Of five other Sandusky accusers, one is in litigation in Maryland, and a suit is expected to be filed in another shortly, Rozen said. Three others have thus far offered evidence that Rozen asserted was insufficient to prove their claims.
Under the terms of each settlement, the victims have agreed not to sue Penn State or Second Mile, and cede their right to sue Second Mile to the university, which plans to go to court to try to get the charity's insurer to reimburse the university for some of the claim amount, Rozen said.
He said there was wide disparity in the amounts of the settlements based on many factors, including severity of the abuse, location, and time. He described three areas of claims: Those from before 1998, when the first report of abuse by Sandusky was investigated but dismissed; those between 1998 and the 2001 McQueary incident; and those after McQueary alerted Penn State officials.
Within those categories, the university also looked at where the abuse occurred, over what time frame, the severity of the abuse and the credibility of the claims, he said.
Assaults before 1998 were assigned the lowest value because there is little if any evidence that the university should have known at that point, the university's lawyer said.
"There's an open question" about the cases from 1998 to 2001, Rozen said, and "there's a much harder argument from the university's perspective post-2001."
Former university president Graham B. Spanier and two other university officials face trial on charges of failing to report and act on the abuse in the 2001 case.
In the case of Victim 5, the evidence was clear, Rozen said. He cited the man's court testimony and a psychological evaluation, showing the man had been scarred by the abuse.
Rozen and Kline said they first met to discuss the cases on the Jewish holiday of Yom Kippur last September. They spent hours at Kline's apartment in New York City overlooking Central Park as they began to grapple with how to assign value to the suffering of a sex-abuse victim, among other variables. Both men previously had participated in high-profile, so-called mass tort cases. Rozen was involved in the settlements for 9/11 victims; Kline represented patients in the Vioxx drug case.

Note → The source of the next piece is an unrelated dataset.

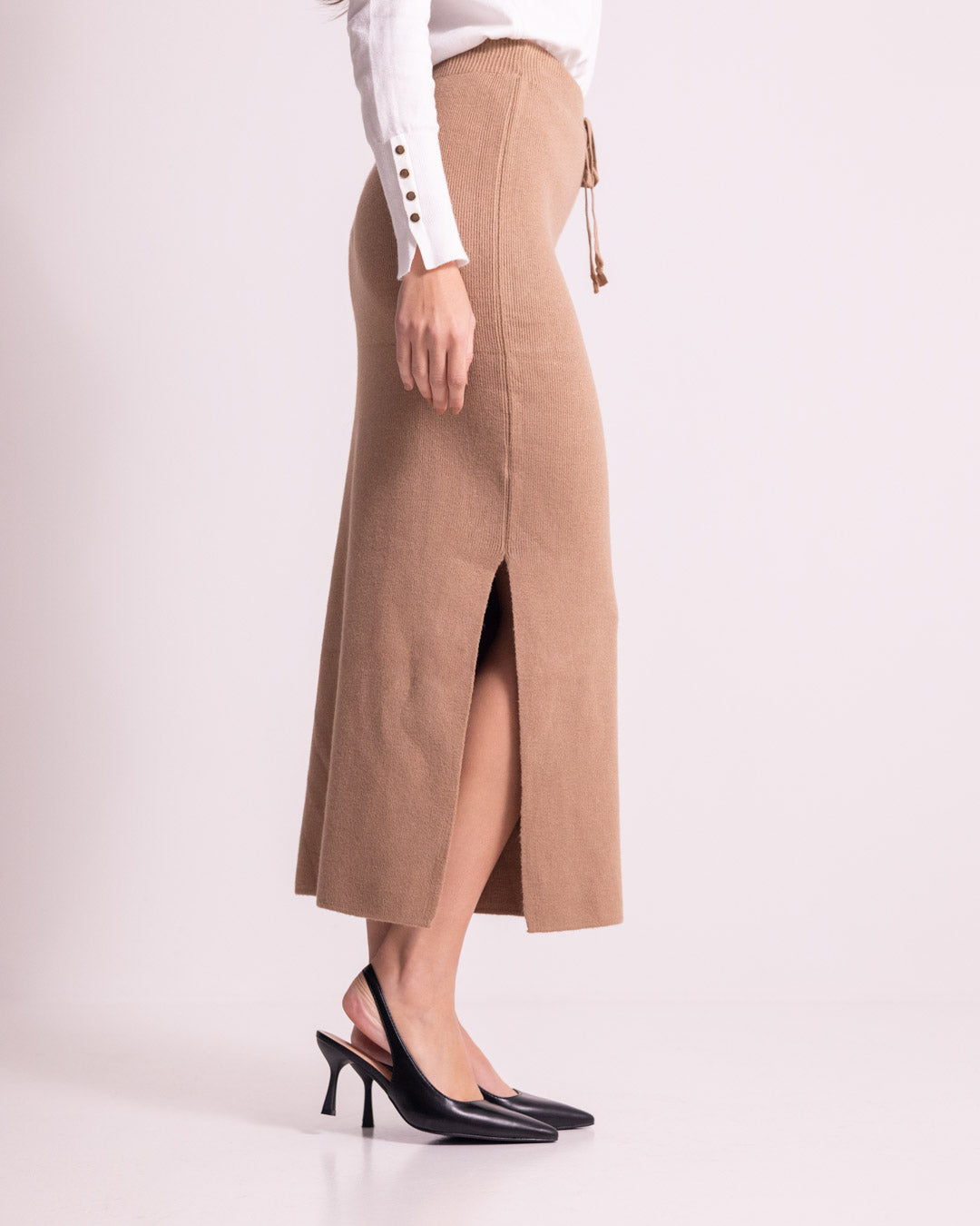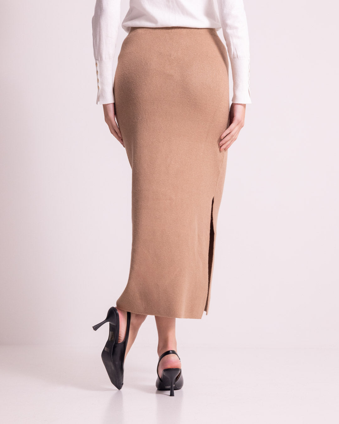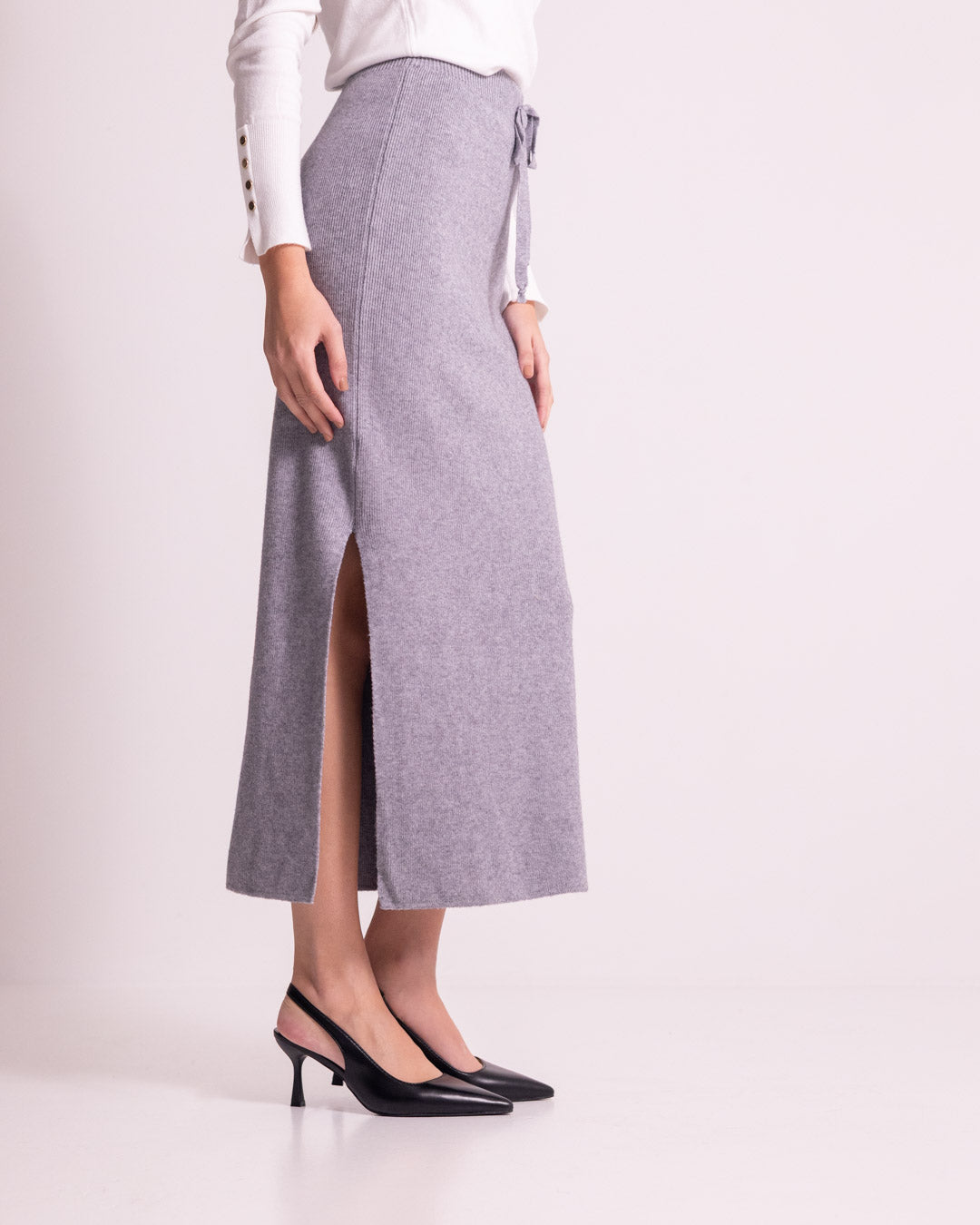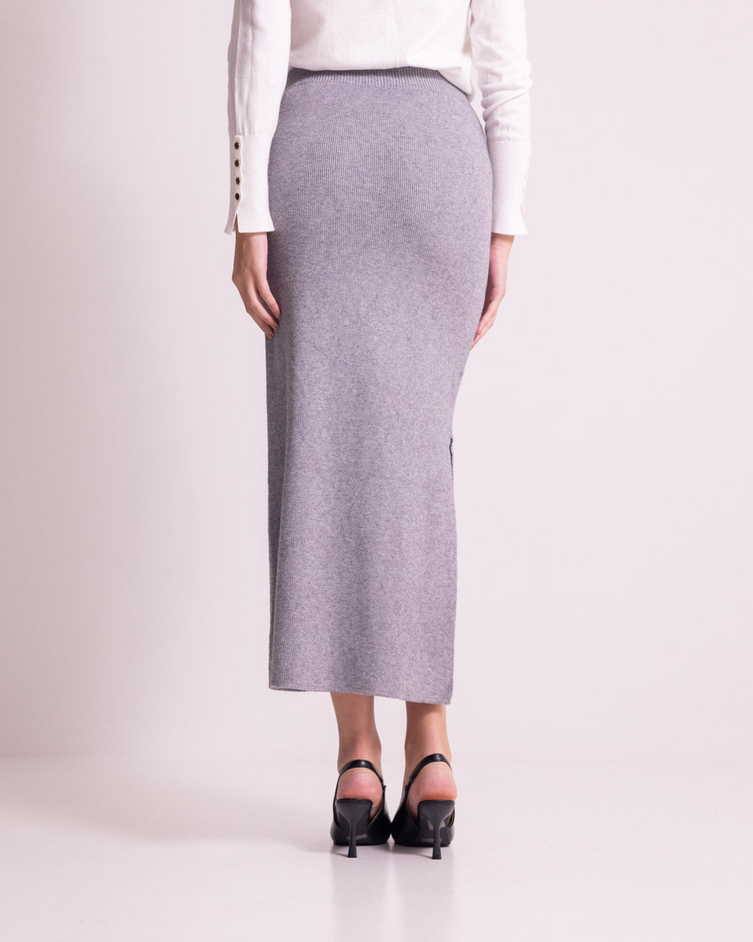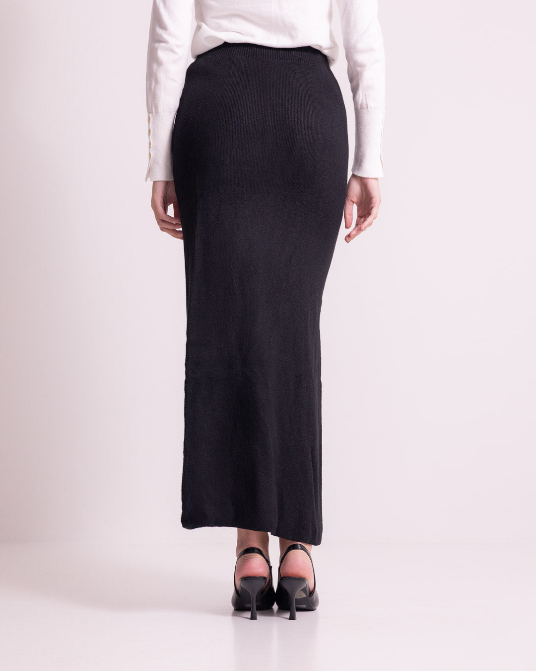 Gonna lunga in maglia che unisce praticità e eleganza senza sforzo. Realizzata in tessuto morbido e confortevole, si adatta perfettamente a qualsiasi silhouette garantendo libertà di movimento. Il design essenziale la rende versatile: indossala con una semplice t-shirt per il giorno o abbinala a un top raffinato per la sera. Ideale per chi ricerca capi che passano senza problemi dalla routine quotidiana a occasioni più curate, mantenendo sempre uno stile sobrio e contemporaneo.

The Penn State case, though with fewer victims, was challenging in a different way, the lawyers said.
"It was much harder to evaluate injury," Kline explained. "In this kind of case, you're looking into the mind of a victim of sexual abuse."
Rozen also had to negotiate with other lawyers to get an agreement in principle on the initial, "global" settlement.

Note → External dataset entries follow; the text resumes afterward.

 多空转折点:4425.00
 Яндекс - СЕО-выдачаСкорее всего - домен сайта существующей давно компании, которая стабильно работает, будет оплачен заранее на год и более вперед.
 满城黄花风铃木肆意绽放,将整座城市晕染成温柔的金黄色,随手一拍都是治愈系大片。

"It's like a 3-D chess match," Rozen said. "There are multiple layers and lots of pieces."
The case also was complicated by its widespread publicity, Rozen said, and a lack of knowledge about some victims who were not part of the court proceedings.
The lawyers said they didn't get down to talking dollars for months. When they did, things got more difficult.
"You get 90 percent of the way there," Kline said. "You get into the tunnel under the Hudson River and then the train stops."
But Rozen and Penn State board of trustees member Ira Lubert - a Philadelphia-area real estate investor who was overseeing the negotiations for the board - visited Kline's office recently. It was at that meeting that a dollar amount was decided. Kline said he was impressed with Penn State's desire to do right by the victims, a sentiment Lubert conveyed.
"It convinced me of what the university was trying to say to the victims," Kline said.